Restate the listing word for word; omit the images.

[Start of Attachment]

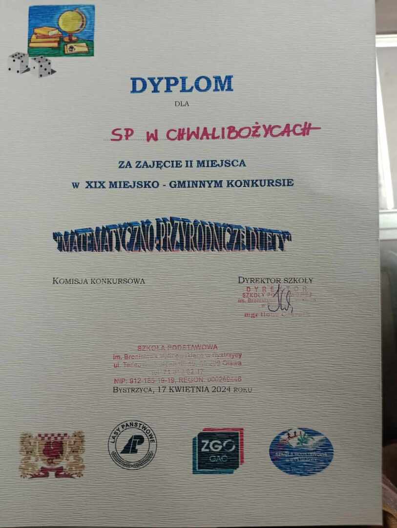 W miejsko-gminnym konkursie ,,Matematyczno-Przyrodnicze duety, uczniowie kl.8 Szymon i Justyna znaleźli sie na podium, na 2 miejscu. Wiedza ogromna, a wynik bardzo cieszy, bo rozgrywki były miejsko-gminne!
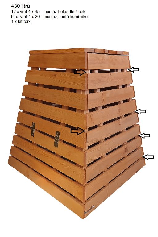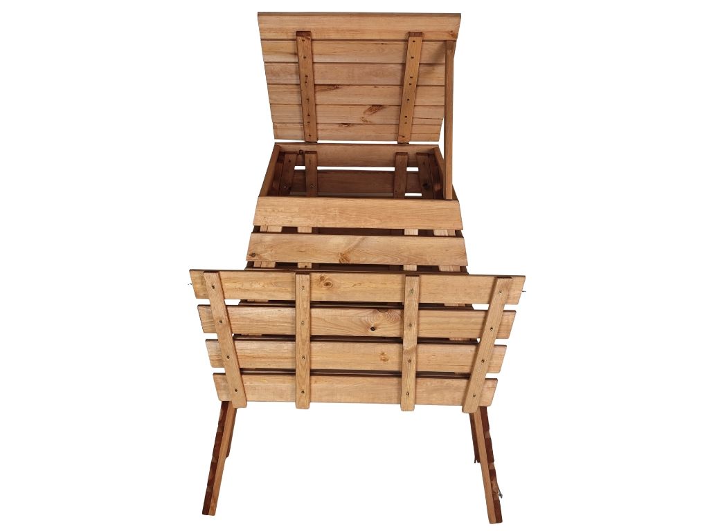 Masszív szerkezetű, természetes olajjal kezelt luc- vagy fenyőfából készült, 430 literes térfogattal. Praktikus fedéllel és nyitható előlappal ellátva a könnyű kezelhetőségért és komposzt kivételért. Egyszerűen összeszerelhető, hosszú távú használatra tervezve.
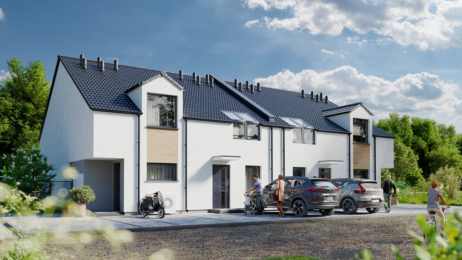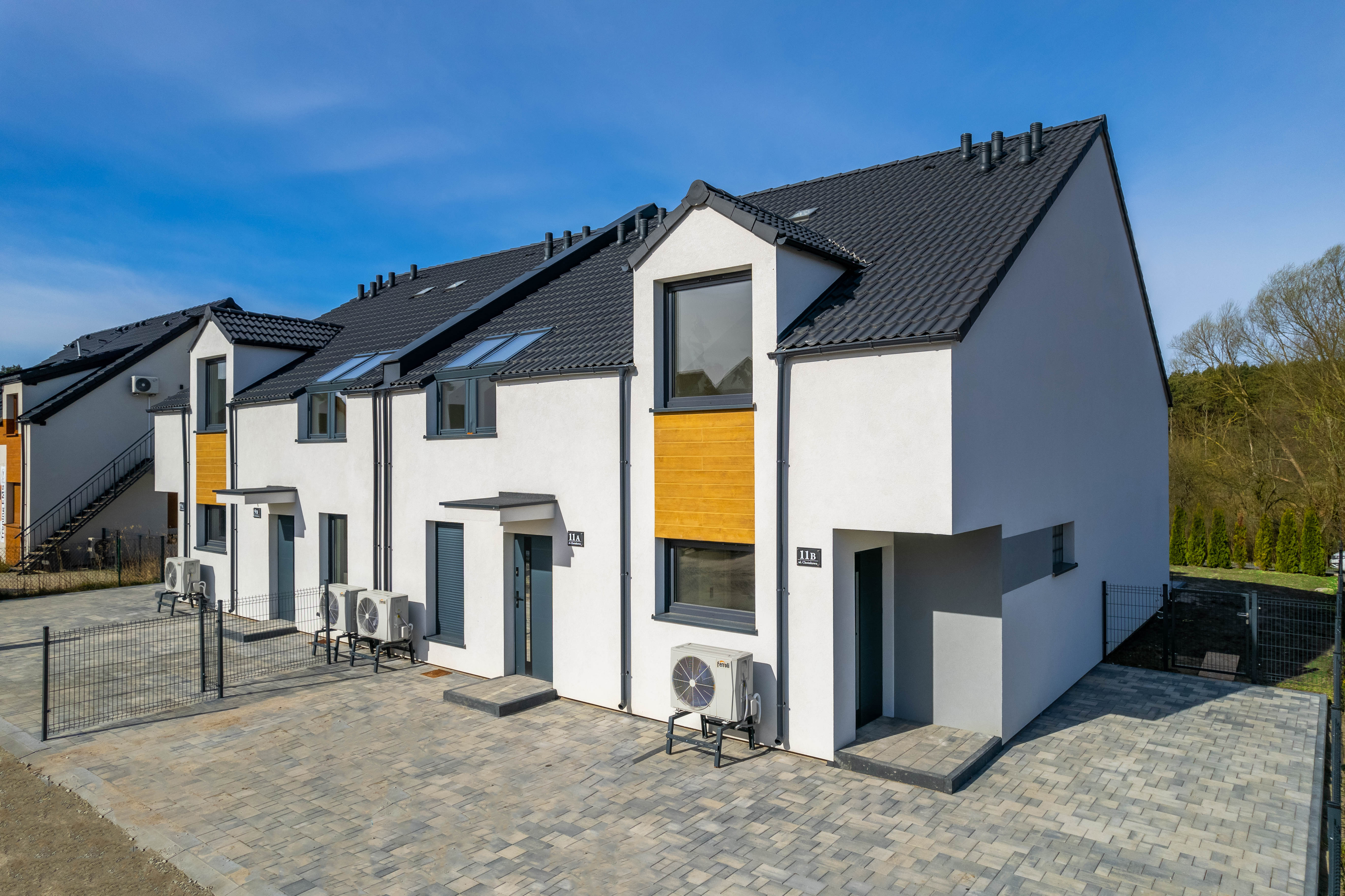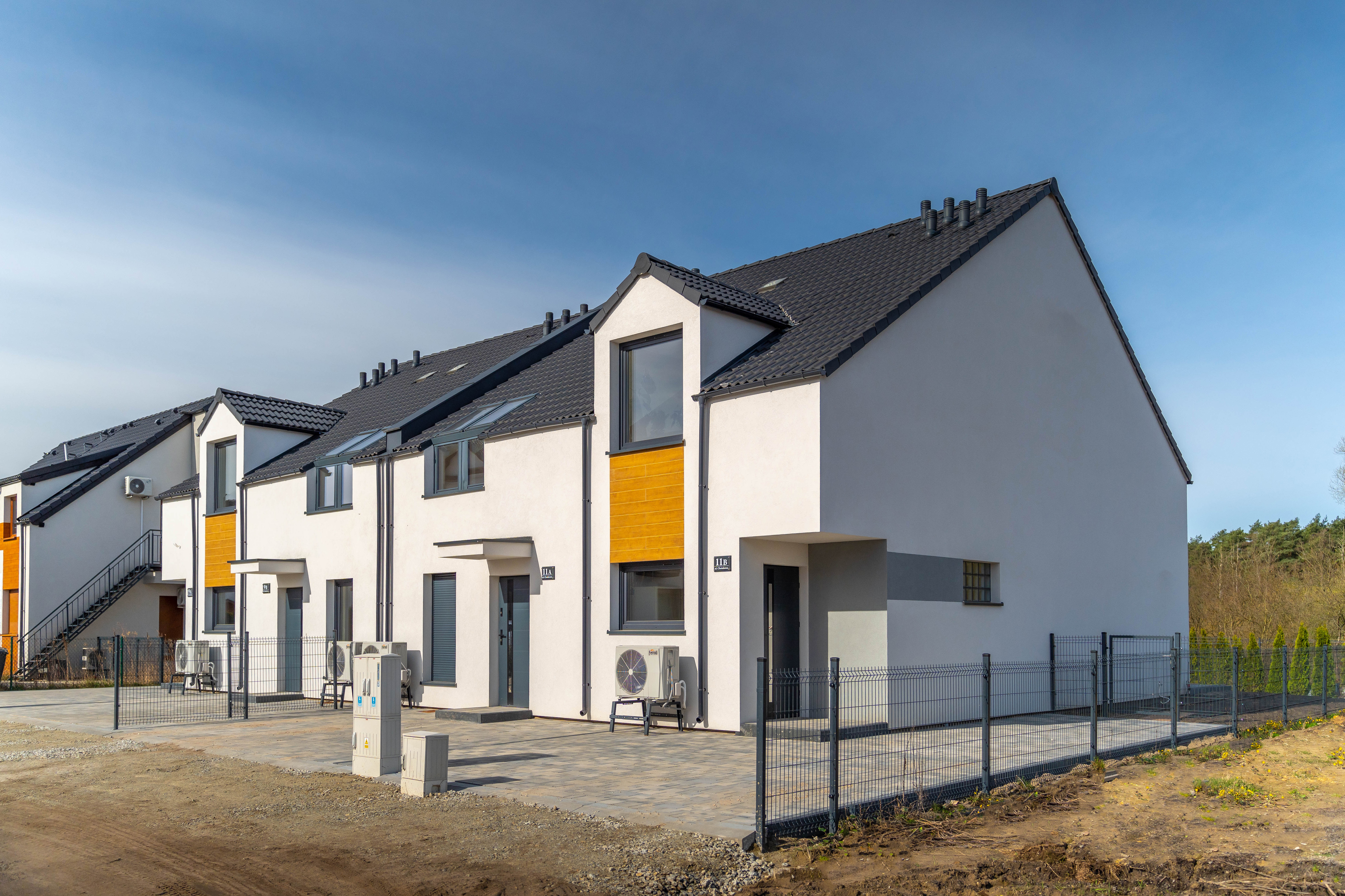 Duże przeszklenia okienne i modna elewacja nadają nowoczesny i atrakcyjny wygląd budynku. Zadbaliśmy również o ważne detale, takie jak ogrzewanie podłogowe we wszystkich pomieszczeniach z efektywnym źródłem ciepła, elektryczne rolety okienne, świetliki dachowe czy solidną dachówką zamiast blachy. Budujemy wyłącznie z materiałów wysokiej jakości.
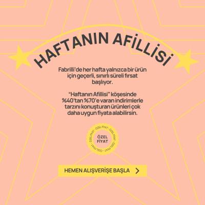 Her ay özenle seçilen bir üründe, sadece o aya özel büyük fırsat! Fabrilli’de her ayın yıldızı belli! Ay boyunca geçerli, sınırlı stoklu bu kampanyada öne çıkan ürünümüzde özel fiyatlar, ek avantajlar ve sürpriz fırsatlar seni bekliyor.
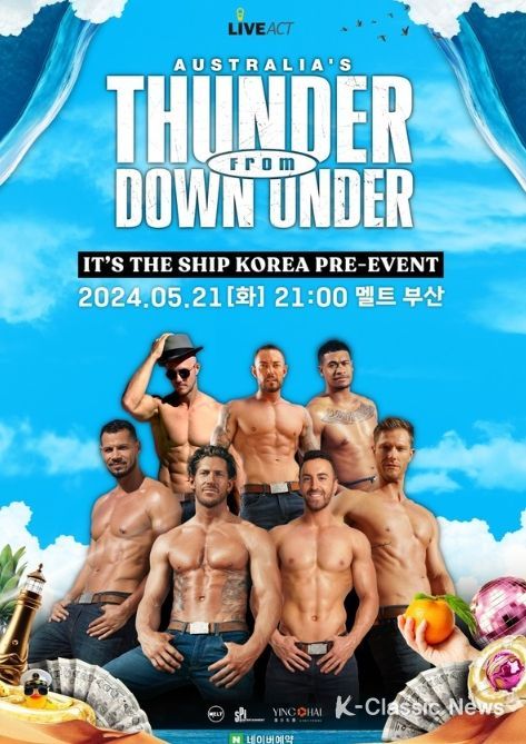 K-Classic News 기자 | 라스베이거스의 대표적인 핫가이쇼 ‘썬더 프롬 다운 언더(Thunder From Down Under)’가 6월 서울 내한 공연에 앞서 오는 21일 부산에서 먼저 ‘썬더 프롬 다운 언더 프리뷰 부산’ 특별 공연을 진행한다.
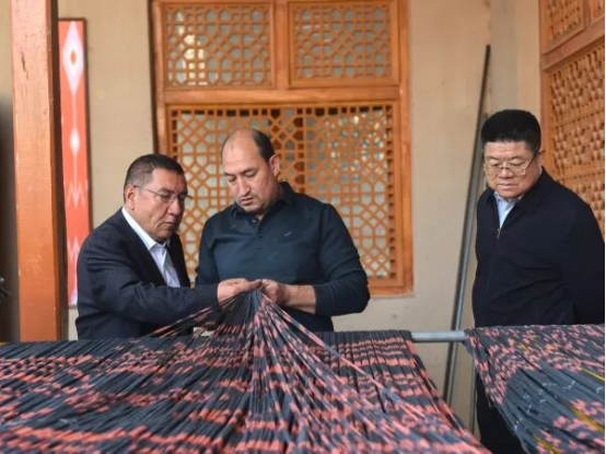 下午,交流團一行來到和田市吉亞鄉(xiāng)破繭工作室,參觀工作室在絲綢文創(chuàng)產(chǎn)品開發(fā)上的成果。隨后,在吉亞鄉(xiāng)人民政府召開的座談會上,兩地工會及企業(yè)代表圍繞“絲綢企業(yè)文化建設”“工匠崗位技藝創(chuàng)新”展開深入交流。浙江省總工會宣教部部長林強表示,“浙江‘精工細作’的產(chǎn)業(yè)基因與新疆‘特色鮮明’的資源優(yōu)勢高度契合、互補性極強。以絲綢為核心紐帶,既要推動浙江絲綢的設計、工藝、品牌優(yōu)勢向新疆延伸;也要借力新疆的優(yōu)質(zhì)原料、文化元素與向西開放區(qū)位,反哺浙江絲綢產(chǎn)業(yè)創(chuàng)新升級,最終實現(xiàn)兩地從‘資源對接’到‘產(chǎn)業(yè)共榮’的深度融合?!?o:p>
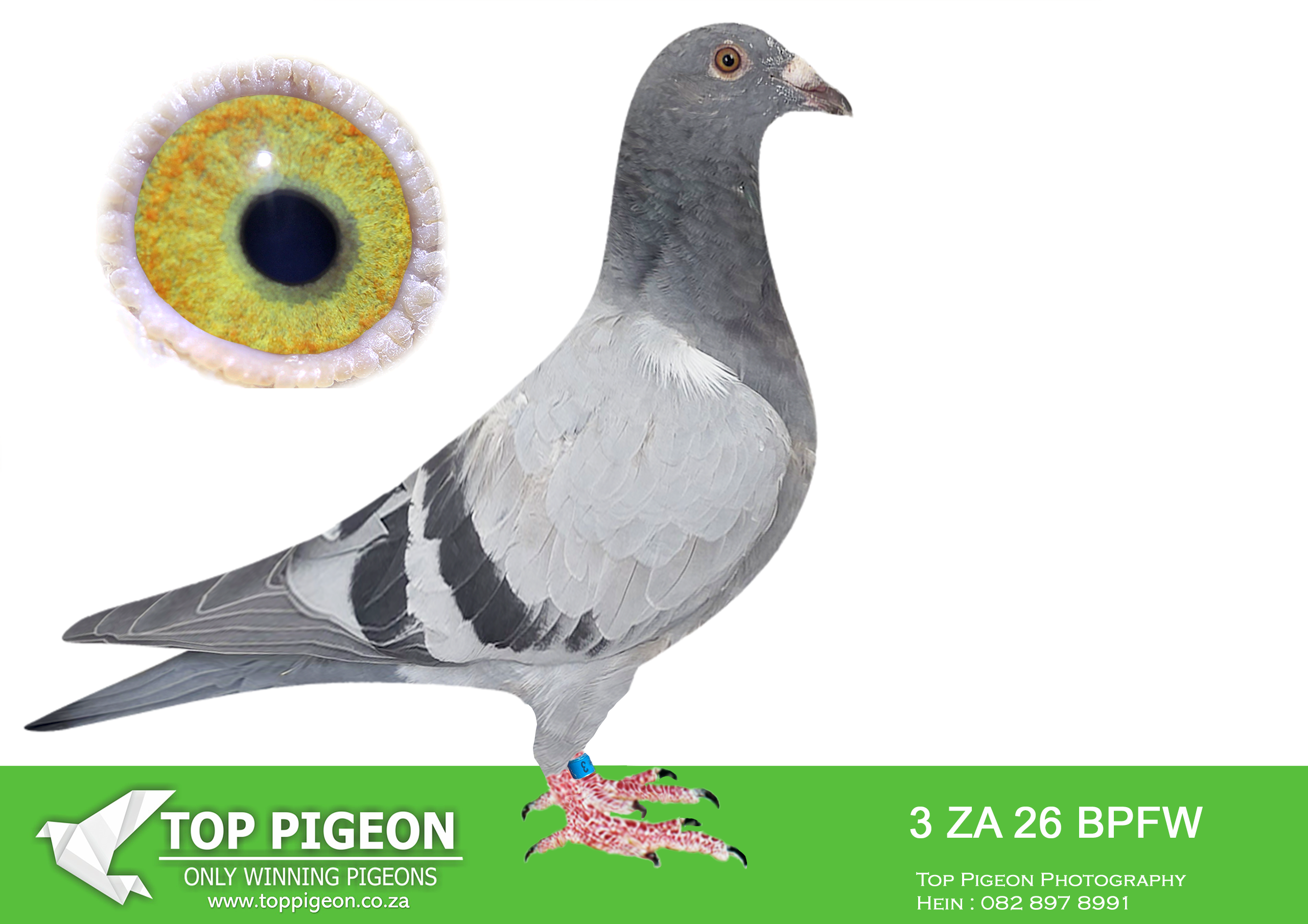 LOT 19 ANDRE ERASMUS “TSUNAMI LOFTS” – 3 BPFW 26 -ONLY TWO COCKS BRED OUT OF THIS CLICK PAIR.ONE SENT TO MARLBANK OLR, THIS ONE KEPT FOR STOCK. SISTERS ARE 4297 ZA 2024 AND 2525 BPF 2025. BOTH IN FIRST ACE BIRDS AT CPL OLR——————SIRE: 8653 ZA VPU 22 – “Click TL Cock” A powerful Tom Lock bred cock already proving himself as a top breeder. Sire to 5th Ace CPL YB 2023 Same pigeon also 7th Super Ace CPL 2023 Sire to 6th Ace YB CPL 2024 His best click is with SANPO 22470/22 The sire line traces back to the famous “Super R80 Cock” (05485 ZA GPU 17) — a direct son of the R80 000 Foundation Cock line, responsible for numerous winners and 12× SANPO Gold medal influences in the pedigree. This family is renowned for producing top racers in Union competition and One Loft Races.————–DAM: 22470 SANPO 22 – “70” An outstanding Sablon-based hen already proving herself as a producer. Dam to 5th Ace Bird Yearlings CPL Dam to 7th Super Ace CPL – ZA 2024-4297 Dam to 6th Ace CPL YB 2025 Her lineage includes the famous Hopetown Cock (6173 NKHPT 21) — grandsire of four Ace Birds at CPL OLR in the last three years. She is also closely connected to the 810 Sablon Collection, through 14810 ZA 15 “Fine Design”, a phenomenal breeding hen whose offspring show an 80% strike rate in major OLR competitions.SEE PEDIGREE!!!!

[End of Attachment]

Answer section:
 W miejsko-gminnym konkursie ,,Matematyczno-Przyrodnicze duety, uczniowie kl.8 Szymon i Justyna znaleźli sie na podium, na 2 miejscu. Wiedza ogromna, a wynik bardzo cieszy, bo rozgrywki były miejsko-gminne!
 Masszív szerkezetű, természetes olajjal kezelt luc- vagy fenyőfából készült, 430 literes térfogattal. Praktikus fedéllel és nyitható előlappal ellátva a könnyű kezelhetőségért és komposzt kivételért. Egyszerűen összeszerelhető, hosszú távú használatra tervezve.
 Duże przeszklenia okienne i modna elewacja nadają nowoczesny i atrakcyjny wygląd budynku. Zadbaliśmy również o ważne detale, takie jak ogrzewanie podłogowe we wszystkich pomieszczeniach z efektywnym źródłem ciepła, elektryczne rolety okienne, świetliki dachowe czy solidną dachówką zamiast blachy. Budujemy wyłącznie z materiałów wysokiej jakości.
 Her ay özenle seçilen bir üründe, sadece o aya özel büyük fırsat! Fabrilli’de her ayın yıldızı belli! Ay boyunca geçerli, sınırlı stoklu bu kampanyada öne çıkan ürünümüzde özel fiyatlar, ek avantajlar ve sürpriz fırsatlar seni bekliyor.
 K-Classic News 기자 | 라스베이거스의 대표적인 핫가이쇼 ‘썬더 프롬 다운 언더(Thunder From Down Under)’가 6월 서울 내한 공연에 앞서 오는 21일 부산에서 먼저 ‘썬더 프롬 다운 언더 프리뷰 부산’ 특별 공연을 진행한다.
 下午,交流團一行來到和田市吉亞鄉(xiāng)破繭工作室,參觀工作室在絲綢文創(chuàng)產(chǎn)品開發(fā)上的成果。隨后,在吉亞鄉(xiāng)人民政府召開的座談會上,兩地工會及企業(yè)代表圍繞“絲綢企業(yè)文化建設”“工匠崗位技藝創(chuàng)新”展開深入交流。浙江省總工會宣教部部長林強表示,“浙江‘精工細作’的產(chǎn)業(yè)基因與新疆‘特色鮮明’的資源優(yōu)勢高度契合、互補性極強。以絲綢為核心紐帶,既要推動浙江絲綢的設計、工藝、品牌優(yōu)勢向新疆延伸;也要借力新疆的優(yōu)質(zhì)原料、文化元素與向西開放區(qū)位,反哺浙江絲綢產(chǎn)業(yè)創(chuàng)新升級,最終實現(xiàn)兩地從‘資源對接’到‘產(chǎn)業(yè)共榮’的深度融合?!?o:p>
 LOT 19 ANDRE ERASMUS “TSUNAMI LOFTS” – 3 BPFW 26 -ONLY TWO COCKS BRED OUT OF THIS CLICK PAIR.ONE SENT TO MARLBANK OLR, THIS ONE KEPT FOR STOCK. SISTERS ARE 4297 ZA 2024 AND 2525 BPF 2025. BOTH IN FIRST ACE BIRDS AT CPL OLR——————SIRE: 8653 ZA VPU 22 – “Click TL Cock” A powerful Tom Lock bred cock already proving himself as a top breeder. Sire to 5th Ace CPL YB 2023 Same pigeon also 7th Super Ace CPL 2023 Sire to 6th Ace YB CPL 2024 His best click is with SANPO 22470/22 The sire line traces back to the famous “Super R80 Cock” (05485 ZA GPU 17) — a direct son of the R80 000 Foundation Cock line, responsible for numerous winners and 12× SANPO Gold medal influences in the pedigree. This family is renowned for producing top racers in Union competition and One Loft Races.————–DAM: 22470 SANPO 22 – “70” An outstanding Sablon-based hen already proving herself as a producer. Dam to 5th Ace Bird Yearlings CPL Dam to 7th Super Ace CPL – ZA 2024-4297 Dam to 6th Ace CPL YB 2025 Her lineage includes the famous Hopetown Cock (6173 NKHPT 21) — grandsire of four Ace Birds at CPL OLR in the last three years. She is also closely connected to the 810 Sablon Collection, through 14810 ZA 15 “Fine Design”, a phenomenal breeding hen whose offspring show an 80% strike rate in major OLR competitions.SEE PEDIGREE!!!!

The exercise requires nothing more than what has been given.